販売員が担当している顧客には様々な業態がある。一般的に業態と言えば小売業や外食産業などの商業関係で用いられる区分のことを指している。例えば、コンビニ、スーパー、デパート、ドラッグストアなどのように顧客の欲求に合わせた商品の仕入れ、価格、立地、規模などの基準をもとにした態様のことを言う。電子・電機製品や計測・制御機器営業は一般商業とは違うが、顧客の態様を区分する必要がある。区分基準は商材を基準にするのではなく、営業側から顧客の全体を見て区分するのがよく、顧客の事業内容や顧客はどんな設備で物づくりをしているかなどを基準にして区分するのがよい。それらの基準で分類し、大くくりである大分類の概念がこの業界での業態ということになる。
大分類である業態には5つの種類がある。A.動力系メーカー B.非動力系メーカー C.装置産業形態ユーザー D.加工・組み立て産業形態ユーザー E.専門設備供給メーカーの5つである。いずれの業態も物づくりをしているメーカーであるが、部品や機器を販売する側から見れば、どの業態も商材を使用してくれるユーザーということになる。業態区分においてメーカーとユーザーを区別すると、部品や機器を使用して製品をつくり、その製品を物づくりのために販売しているメーカーを、メーカーとした。

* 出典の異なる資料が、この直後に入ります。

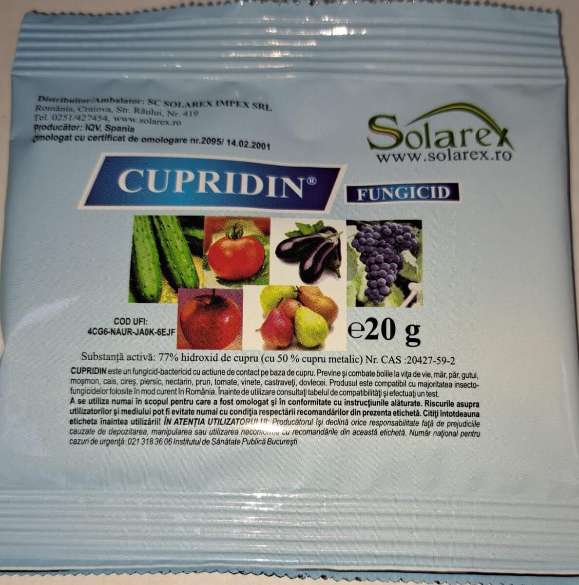 - CUPRIDIN 50 WP – 1,5 – 2,0 kg/ha ( 20 g/10 l apa).

実際に、部品や機器を最終的に使用して物づくりをするメーカーをユーザーとした。最初に業態A.の動力系メーカーに関して考察してみる。動力系メーカーとはモーター、ポンプ、ボイラー、油圧、空圧などの動力を搭載している機械や装置をつくっている企業であり、それらを販売している。建設や運輸機械・工作機械・自動機・産業機械や産業装置などをつくっている顧客のことである。日本が物づくりの大国になってきた過程で中核になったメーカーといえる。60年代にルイス転換点を越えた日本が人手不足になり、さらに高成長を成し遂げてきたのは業態A.の各メーカーの活躍があったからだ。人手不足に加え、当時3Kと言われた「きつい・きたない・きけん」な場所での労働に就く人が少かったため自動機や装置の需要増大につながった。90年代に入ってくると、いよいよ日本の社会は成熟し、急速な円高になると物づくりの工場建設の中心が海外に移った。
したがって物づくりの工場をユーザーとしている業態A.のメーカーは、海外からの外需の比率が多くなってきた。最近では圧倒的に外需が多いのが業態A.のメーカーである。各企業の新設増設は海外になり国内工場の多くはリニューアル需要となってはいるが、社会が成熟してくると物の多様化が起こったり、新しい物が生まれたりするので、それらをつくる新しい需要の増加も少しずつ増えていく。21世紀に入って業態A.のメーカーは国内同士の競争だけでなく、新興国を交えた海外メーカーとのグローバル競争が激しくなっている。日本勢は高品質・高機能・先端技術を盛り込んだ機械・装置をもってしのいでいる。そのため、機械や装置に使用する部品や機器も高機能を要求される。また多機能化・システム化が進み、ますます複雑になっている。
したがって業態A.のメーカーを顧客にもつ販売員は電気的知識を深めて、販売員ながらもシステム的な技術に対応するエンジニアリング的対応が必要になっている。しかしグローバルの展開は高機能や高品質一辺倒の戦略では勝てない局面も増えてくるので、販売員は商品知識やエンジニアリング力に頼るだけでなく、業態A.のメーカーの様々な変化を嗅ぎとる力が要求される。